This is the problem to tackle.
And when calling the stand alone function, the normal object is converted
to a const by the compiler(I am assuming that the parameters are still
const &), but this signature is not appropriate to call a normal function,
right?
If the second reasoning is right, then changing a const function should
also enforce the update of the const& parameters to normal references.
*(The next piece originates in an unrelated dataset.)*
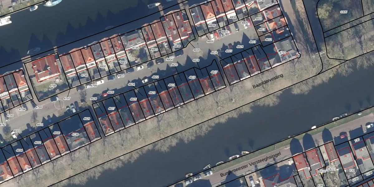 Baandervesting 72 is gelegen op kadastraal perceel EDM00A4820. Deze kadastrale aanduiding is uniek en wordt gebruikt door het Kadaster om eigendomsrechten en andere zakelijke rechten vast te leggen. Het perceel maakt onderdeel uit van de kadastrale gemeente Edam.

This
was my idea on relevance to the struct example.
Or am I still dicussing sth different?
--
Umut
utab wrote:
On Tue, 20 May 2008 10:13:46 -0400, Victor Bazarov wrote:
>utab wrote:
>>On Mon, 19 May 2008 22:11:35 -0400, Victor Bazarov wrote:
utab wrote:
Dear all,
>
In a question in the highly recommended book Accelerated C++, it is
asked to change a const function into a plain function. After on the
reader is expected to find which function(s) should change.
>
The function to change is
original version
std::string name() const { return n; }
>
And this function is called from a predicate function which is passed
to a sort for vector:
original version
bool compare( const Student_info& x, const Student_info& y)
{
return x.name() < y.name();
}
>
and somewhere in the code sort is called for vector
>
sort(vec.begin(),vec.end(),compare)
>
Turning the name into a plain non-const function requires the change
of the const parameters of the compare function because const objects
can call const member functions. But making this change does not
solve my problem. I am getting an error(which is not that helpful
from g++) from the sort function and compare predicate. If someone
wants the whole code(might be a bit long though), I can paste it but
I wanted to ask it directly from the above explanation.
>
Can somebody help me to figure this problem out?
Here is what you have
struct foo {
int bar() const;
};
Here is what the exercise expects you to implement instead:
int bar(foo const&);
A member function takes a hidden argument - the object for which it
is called (you can either think it's a pointer or a reference, it
doesn't matter, really). A non-member function has to have an open
argument (there is nothing hidden in it).
V
Thanks for the answer, I tested something simple with this code
#include <cstdlib>
#include <iostream>
#include <list>
#include <sstream>
#include <map>
using namespace std;
struct foo{
foo():a(0){}
foo(int A):a(A) {}
//int bar() const {return a;};
int bar() {return a;};
private:
int a;
};
//void test_function(const foo &f)
void test_function(foo &f)
{
cout << f.bar() << endl;
}
int main()
{
foo fobj(5);
test_function(fobj);
return 0;
}
I commented out the const function and replaced that with a non-const
function. It works as intended but I am still not clear what is the
difference for my original problem. That is conceptually the same(or at
least that is what I think). I am trying to call a non-const member
function from inside a non-member function.
Why? What is the relevance to the problem at hand? Your 'compare'
function has two arguments, passed by a reference, both const.
I think I am a hard learner, or my english is getting worser ;)
Ok let me go slowly: if I change the name to a normal function. The const
references of the stand alone function can not call this function, right?
I don't understand this statement. You have a stand-alone function
'compare'. You have a member function 'name'. If you change 'name' to
be a stand-alone function, why couldn't 'compare' call it? You will, of
course, have to change the code of 'compare' to call the new 'name'
because the syntax of calling a standalone function and a member
function is different.
To call a member 'bar' with a 'foo' object, I write
fooObject.bar();
To call a standalone 'bar' with a 'foo' object I write
bar(fooObject);
This is the problem to tackle.
Really?
And when calling the stand alone function, the normal object is converted
to a const by the compiler(I am assuming that the parameters are still
const &), but this signature is not appropriate to call a normal function,
right?
Again, I don't understand what you're trying to confirm here. If the
argument of the standalone function is a reference to const, the object
will be converted (or even a temporary may be created) and then the
reference argument will be bound to that object. Not sure how
"appropriate" plays here.
>
If the second reasoning is right, then changing a const function should
also enforce the update of the const& parameters to normal references. This
was my idea on relevance to the struct example.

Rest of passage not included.